LiBai provides two functions `build_nlp_train_val_test_loader` and `build_image_train_loader` to create a default train data loader from a given config. It takes the list of `dataset_class`(e.g., `BertDataset`) and combines them using `flow.utils.data.dataset.ConcatDataset`. 

It is recommended to check out [API docs of libai.data](../libai.data.html#libai.data.build.build_nlp_train_loader) to learn more about the APIs of `build_nlp_train_val_test_loader`.

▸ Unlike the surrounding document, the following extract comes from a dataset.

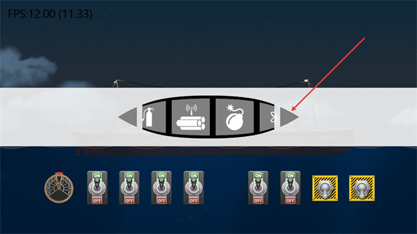 4、查看船只内部的道具选项如灭火器、炸弹,点击左右两边的箭头可以查看更多工具,借助这些道具功能推进游戏进程。
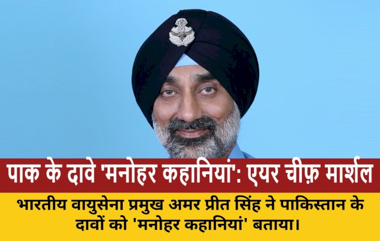 New Delhi | भारतीय वायुसेना के एयर चीफ़ मार्शल अमर प्रीत सिंह ने भारत और पाकिस्तान के बीच हुए सैन्य संघर्ष के दौरान पाकिस्तान के दावों को 'मनोहर कहानियां' करार दिया है। उन्होंने स्पष्ट किया कि हमें 'ऑपरेशन सिंदूर' के दौरान भारत को हुए संभावित नुक़सान पर अनावश्यक रूप से बात नहीं करनी चाहिए, बल्कि दुश्मन को अपने नुकसान का पता लगाने देना चाहिए।

### tokenization (optional)

You need to configure a tokenizer if you want to train a NLP task. Each NLP dataset has its own tokenizer config in the corresponding data config file.

Here we use:

```python
# bert_dataset.py:
from libai.config import LazyCall
from omegaconf import OmegaConf
from libai.tokenizer import BertTokenizer

tokenization = OmegaConf.create()

tokenization.tokenizer = LazyCall(BertTokenizer)(
    vocab_file="bert-base-chinese-vocab.txt",
    do_lower_case=True,
    do_chinese_wwm=True,
)
tokenization.append_eod = False
tokenization.make_vocab_size_divisible_by = 128

# my_config.py:
tokenization.tokenizer.do_lower_case = False
```

Tokenization config must contain a tokenizer(e.g., `BertTokenizer`). `append_eod` and `make_vocab_size_divisible_by` are not necessary. 

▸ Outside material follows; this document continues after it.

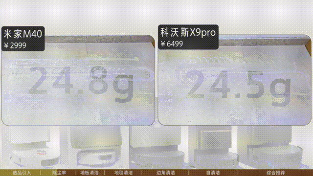 结果如下:石头以绝对优势领先,基本能把30g粉尘全部清理干净;米家、科沃斯、追觅都在24~25g之间;云鲸垫底,收集了23.2g。

`make_vocab_size_divisible_by` is used for padding the vocab size to be divisible by this value. This is added for computational efficiency for tensor parallelism.

## Get the Default Config

You don't need to rewrite all contents in config every time. You can import a config file as a python file or use function [`get_config`](../libai.config.html#libai.config.get_config).

If you build LiBai from source, you can get all default config files in `configs/*`. Then you can import the config files as follows:

```python
# import config
from .common.models.bert import pretrain_model as model
from .common.models.graph import graph
from .common.train import train
from .common.optim import optim
from .common.data.bert_dataset import dataloader, tokenization

# modify it
train.train_iter = 100
...
```

If you install LiBai by `pip`, you can use `get_config` function to get all default config files as follows:

```python
from libai.config import get_config
# get config
model = get_config("common/models/bert.py").pretrain_model
graph = get_config("common/models/graph.py").graph
train = get_config("common/train.py").train
optim = get_config("common/optim.py").optim
dataloader = get_config("common/data/bert_dataset.py").dataloader
tokenization = get_config("common/data/bert_dataset.py").tokenization

# modify it
train.train_iter = 100
...
```

## LazyConfig Best Practices

1. Treat the configs you write as actual "code": Avoid copying them or duplicating them. Import the common parts between configs.
2. Keep the configs you write simple: Don't include keys that do not affect the experimental setting.